## Task requirements
Reproduce the listing below from the line with "Säljer en snygg" to the line with "Short-sleeved linen jersey", both lines included, character for character, minus any pictures.

## Material for this exercise

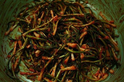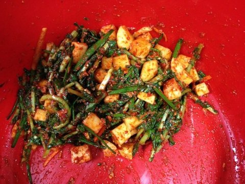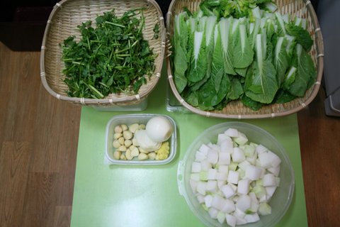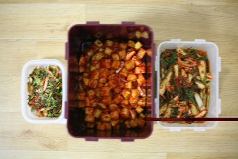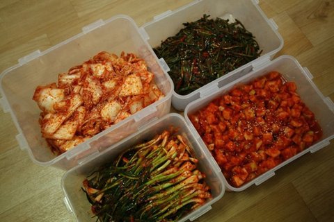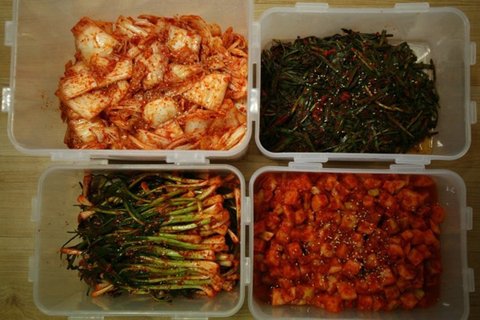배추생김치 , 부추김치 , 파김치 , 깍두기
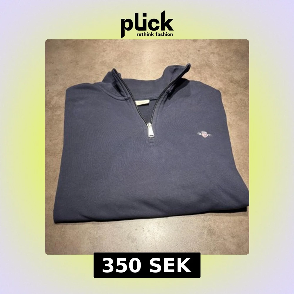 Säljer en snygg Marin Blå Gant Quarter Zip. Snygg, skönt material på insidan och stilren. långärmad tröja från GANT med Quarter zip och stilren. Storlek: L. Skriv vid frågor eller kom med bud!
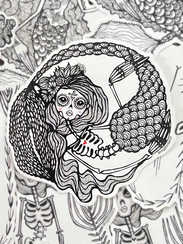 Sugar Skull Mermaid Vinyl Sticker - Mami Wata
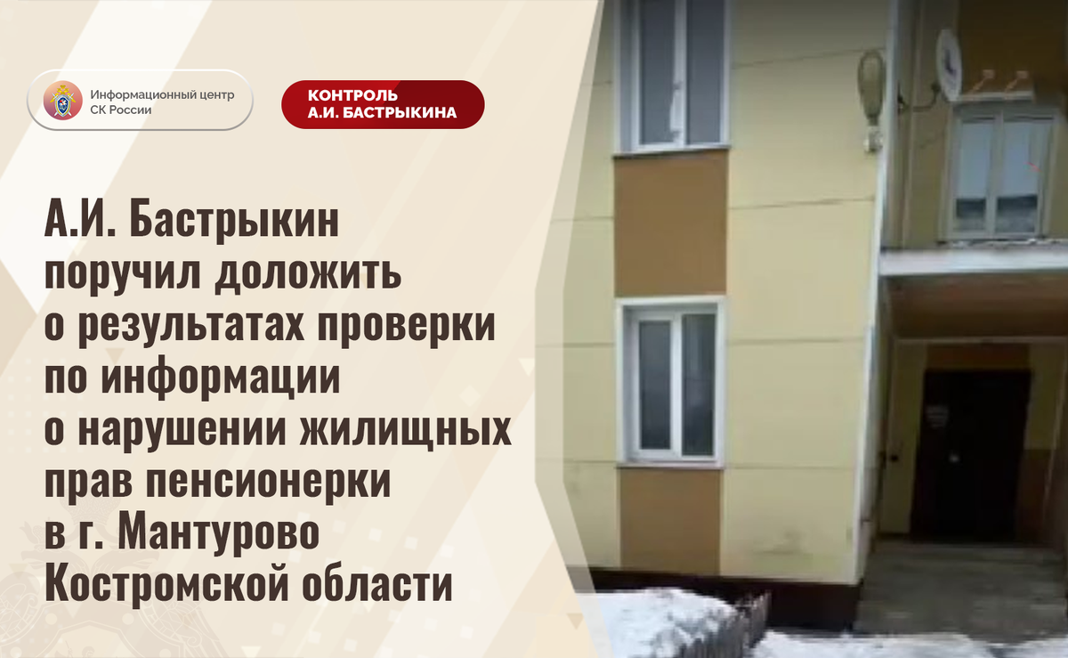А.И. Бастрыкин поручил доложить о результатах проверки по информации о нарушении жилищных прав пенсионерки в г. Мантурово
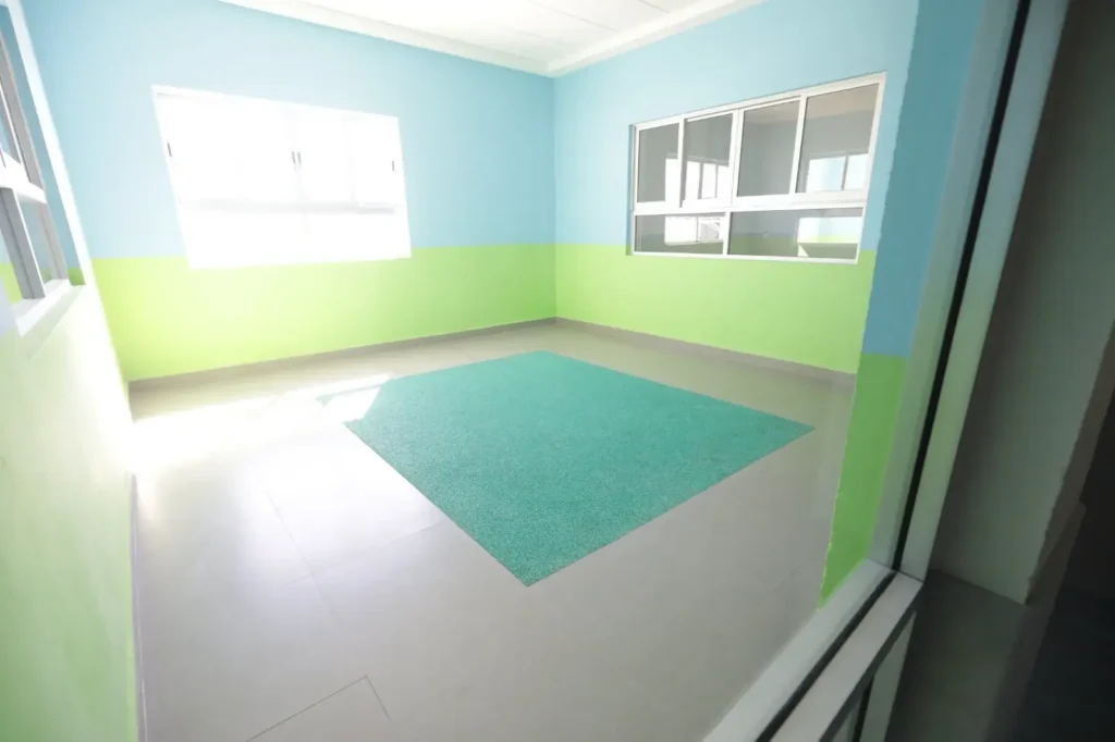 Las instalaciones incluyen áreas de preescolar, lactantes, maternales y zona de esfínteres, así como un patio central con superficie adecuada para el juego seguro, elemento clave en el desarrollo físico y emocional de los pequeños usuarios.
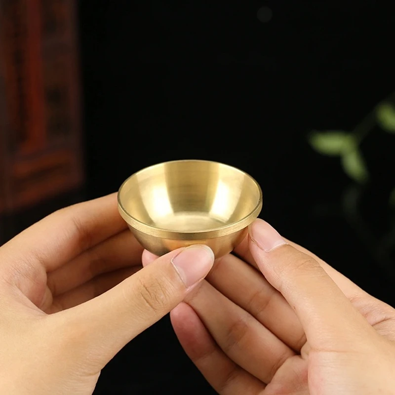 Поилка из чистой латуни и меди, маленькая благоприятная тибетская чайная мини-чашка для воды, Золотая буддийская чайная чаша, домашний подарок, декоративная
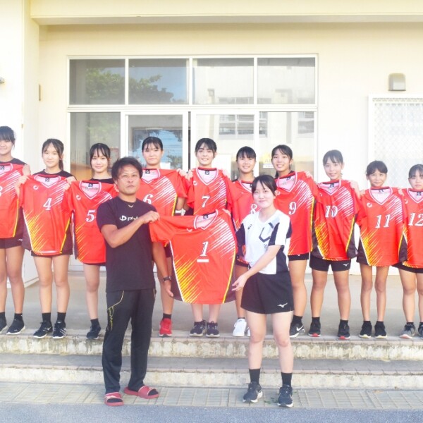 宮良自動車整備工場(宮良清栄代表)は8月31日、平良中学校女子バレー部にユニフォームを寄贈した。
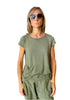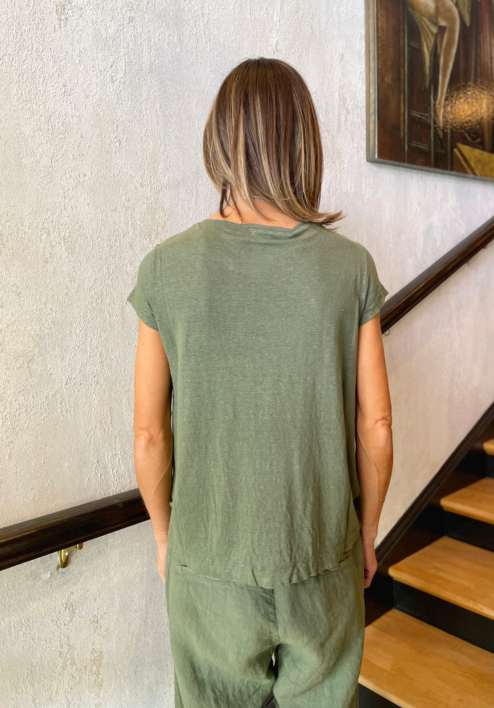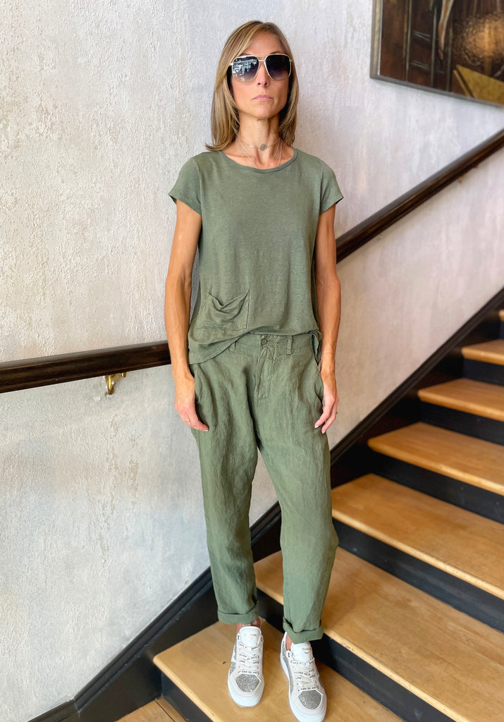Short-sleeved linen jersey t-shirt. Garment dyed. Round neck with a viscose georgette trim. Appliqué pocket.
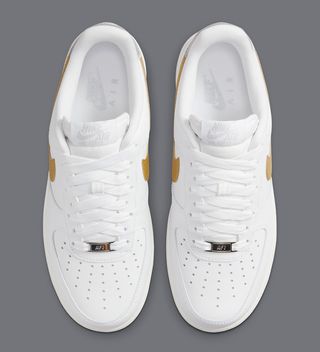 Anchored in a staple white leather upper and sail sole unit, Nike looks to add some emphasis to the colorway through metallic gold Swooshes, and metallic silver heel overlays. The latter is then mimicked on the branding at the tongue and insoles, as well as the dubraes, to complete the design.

## Problem solution
 Säljer en snygg Marin Blå Gant Quarter Zip. Snygg, skönt material på insidan och stilren. långärmad tröja från GANT med Quarter zip och stilren. Storlek: L. Skriv vid frågor eller kom med bud!
 Sugar Skull Mermaid Vinyl Sticker - Mami Wata
А.И. Бастрыкин поручил доложить о результатах проверки по информации о нарушении жилищных прав пенсионерки в г. Мантурово
 Las instalaciones incluyen áreas de preescolar, lactantes, maternales y zona de esfínteres, así como un patio central con superficie adecuada para el juego seguro, elemento clave en el desarrollo físico y emocional de los pequeños usuarios.
 Поилка из чистой латуни и меди, маленькая благоприятная тибетская чайная мини-чашка для воды, Золотая буддийская чайная чаша, домашний подарок, декоративная
 宮良自動車整備工場(宮良清栄代表)は8月31日、平良中学校女子バレー部にユニフォームを寄贈した。
Short-sleeved linen jersey t-shirt. Garment dyed. Round neck with a viscose georgette trim. Appliqué pocket.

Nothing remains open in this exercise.